- 59th Infantry Division shoulder sleeve insignia
- Active: 1944
- Country: United States
- Branch: United States Army
- Type: Infantry
- Role: Deception (Operation Quicksilver)
- Size: Division

= 59th Infantry Division (United States) =

The US 59th Infantry Division was a 'Phantom Division' created in May 1944 as part of Fortitude South II. to cover the deployment of the US 35th Infantry Division to Normandy.

==World War II==
The division was presented to the Germans as having established its headquarters in the Harwich area after having been formed at Fort Custer in 1942 and undergone training in Tennessee, Minnesota and the Desert Training Center.

In Fortitude South II it formed part of US XXXVII Corps, US 14th Army and was depicted as one of the divisions that would carry out the first landings on the Pas de Calais beaches, landing at the central of the three notional landing beaches.
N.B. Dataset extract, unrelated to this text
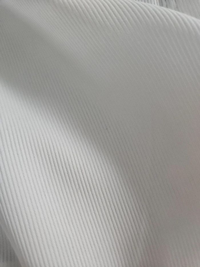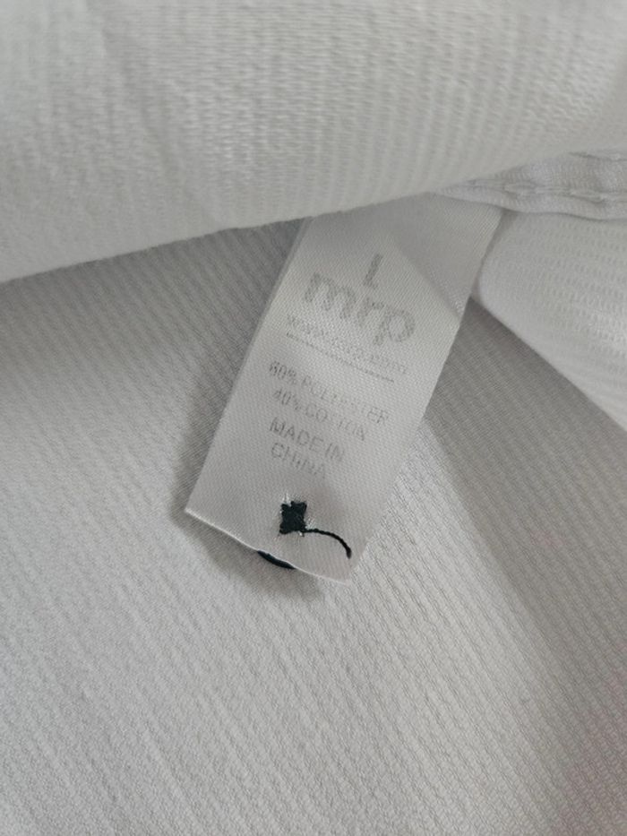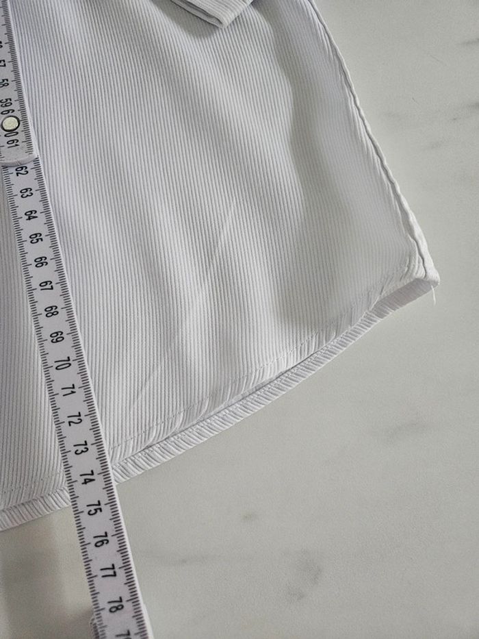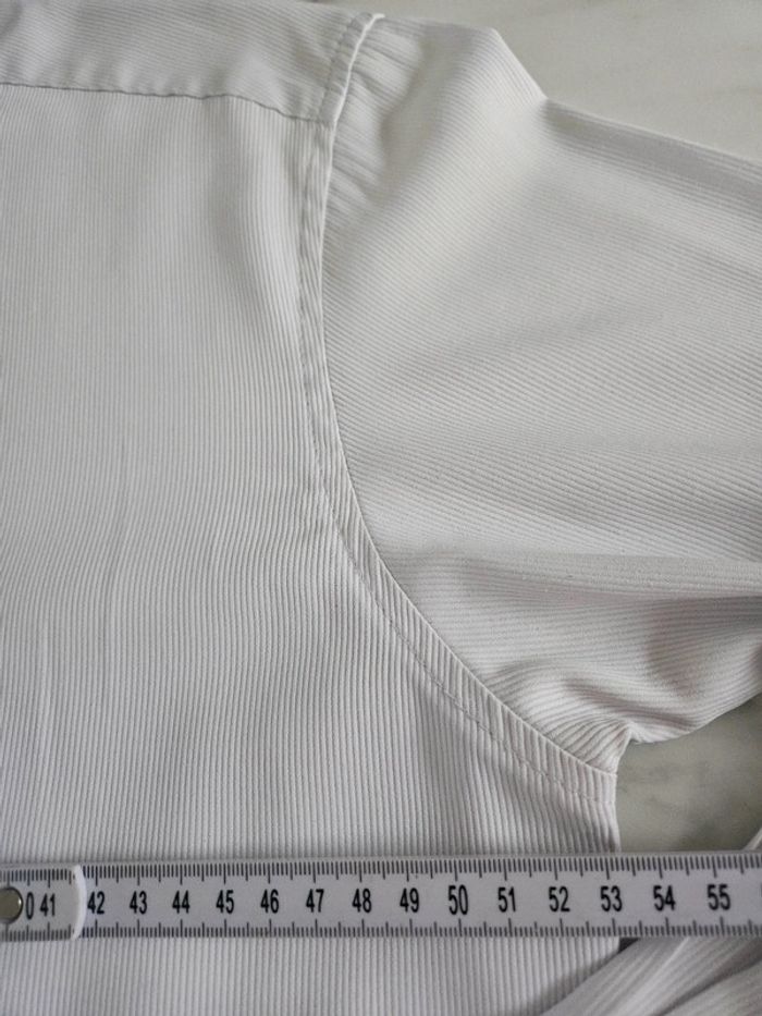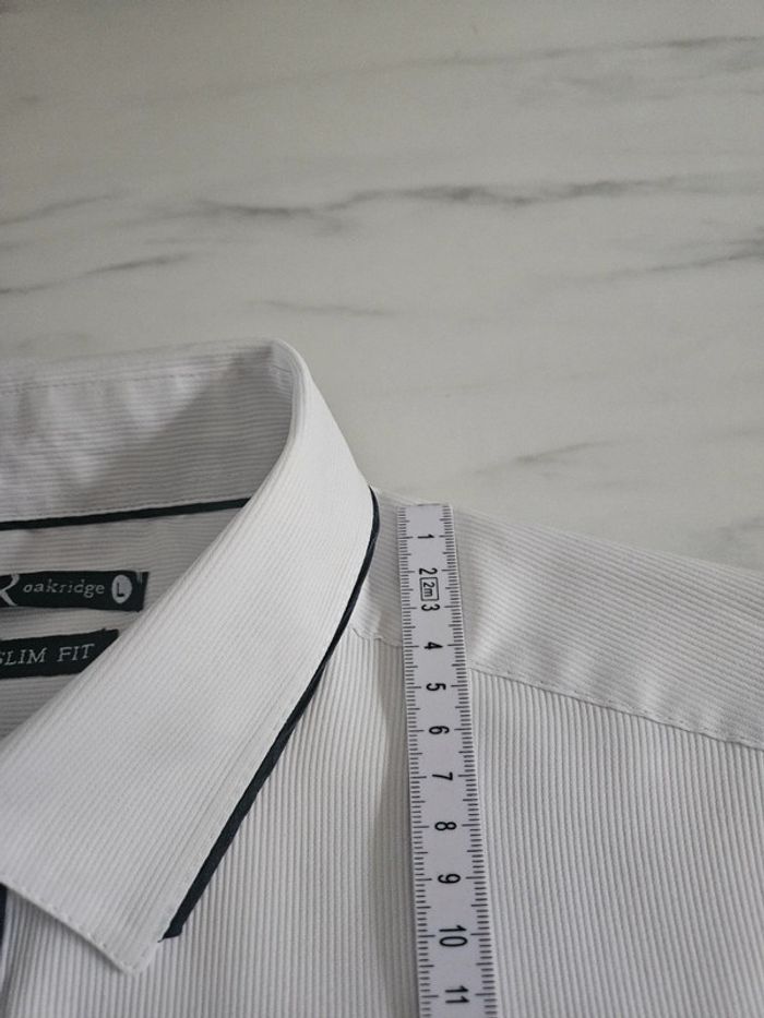 Chemise blanche slim fit détails noir. Matière super agréable avec effet ligné. Portée en bon état. Le Col est légèrement marqué visible sur photos ainsi que les dimensions

During this period it carried out three simulated landing exercises with the notional Force F.

In the aftermath of Fortitude South II was depicted as moving to Rowlands Castle in Hampshire during August 1944 before leaving the United Kingdom via Southampton in September 1944.

==Insignia==
Most 'Phantom Division' insignia were designed by the Quartermaster Corps, however in the case of the 59th Infantry Division, its insignia, inspired by the Gadsden flag was created by American members of the Operation Fortitude staff.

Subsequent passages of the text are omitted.